By the way, all the plants discussed so far are non-planting (thus, floating instead) plants though their roots can wrap around things/sink into substrate okay. I too have a sand tank and I currently just leave my plants essentially free floating, except my anubias came with long enough roots I could anchor it down with a rock. Wisteria is another low-light plant that CAN be planted (or floated), but I've found them not quuuuuite as hardy as the fern and anubias. Lovely looking though!


----------



## RussellTheShihTzu (Mar 19, 2013)

You want some fast-growing stem plants in your tank along with slower-growing Anubias. Marimo is not a plant but a specialized form of algae.

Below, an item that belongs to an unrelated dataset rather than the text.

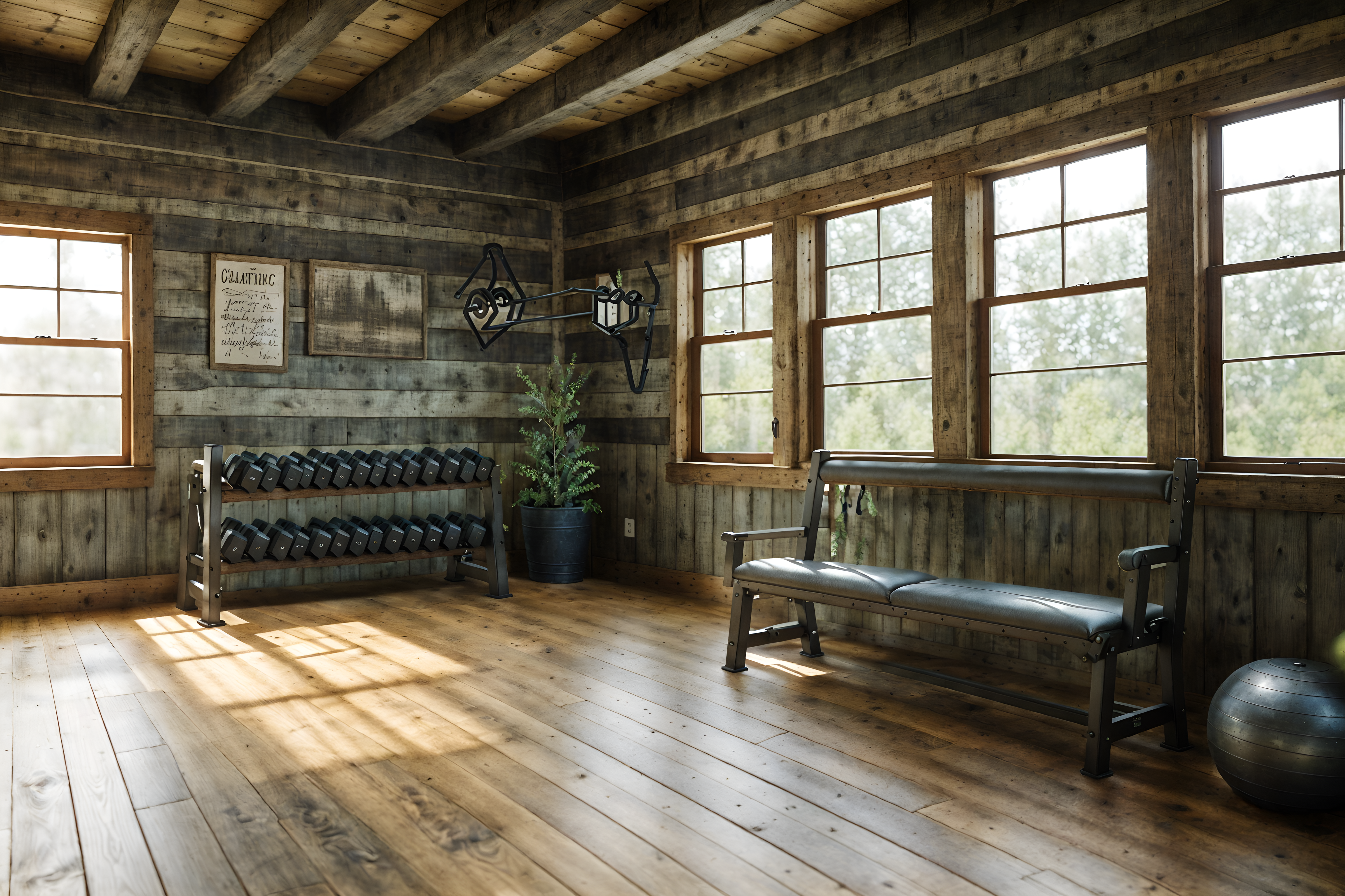 photo from pinterest of cottagecore-style interior designed (fitness gym interior) with bench press and squat rack and dumbbell stand and crosstrainer and exercise bicycle and bench press. . with rustic and organic and cottage style and traditional and country style and earthy and muted colors and floral patterns. . cinematic photo, highly detailed, cinematic lighting, ultra-detailed, ultrarealistic, photorealism, 8k. trending on pinterest. cottagecore interior design style. masterpiece, cinematic light, ultrarealistic+, photorealistic+, 8k, raw photo, realistic, sharp focus on eyes, (symmetrical eyes), (intact eyes), hyperrealistic, highest quality, best quality, , highly detailed, masterpiece, best quality, extremely detailed 8k wallpaper, masterpiece, best quality, ultra-detailed, best shadow, detailed background, detailed face, detailed eyes, high contrast, best illumination, detailed face, dulux, caustic, dynamic angle, detailed glow. dramatic lighting. highly detailed, insanely detailed hair, symmetrical, intricate details, professionally retouched, 8k high definition. strong bokeh. award winning photo.

Stem plants can be planted, left floating or weighted down. To plant you need to strip the bottom leaves or you can let them float until they develop roots; that's what I do. You can use plant weights to hold down Anubias and other rhizome plants and they will eventually root in the substrate.

For stem plants I like Anacharis, Cabomba, Hornwort, Wisteria, Myrio, Ambulia. In addition to green you can get red Myrio and purple or red Cabomba for some color. I've had varying luck with Ludwigia and Rotala. Anubias and Java Fern will have varying textures; Java Fern, especially. Both aqre rhizome plants. Small swords and Crypts are good rooted plants that come is varying sizes for any height of aquarium. Amazon Swords get too big for most tanks 12" and under in depth.

Floating plants like Dwarf Water Lettuce and very nice additions. I just bought a nice batch of both from member KitKat67. Probably 95% of my plants come from member JDAquatics. He has a classified ad or you can send him a PM. He acknowledges plants may have pest snails but I keep Assassin Snails so they're no problem for me. You can also dip plants; many do it as a matter of course.

Note that some plants will "melt" when adjusting to new parameters.

Have fun!


----------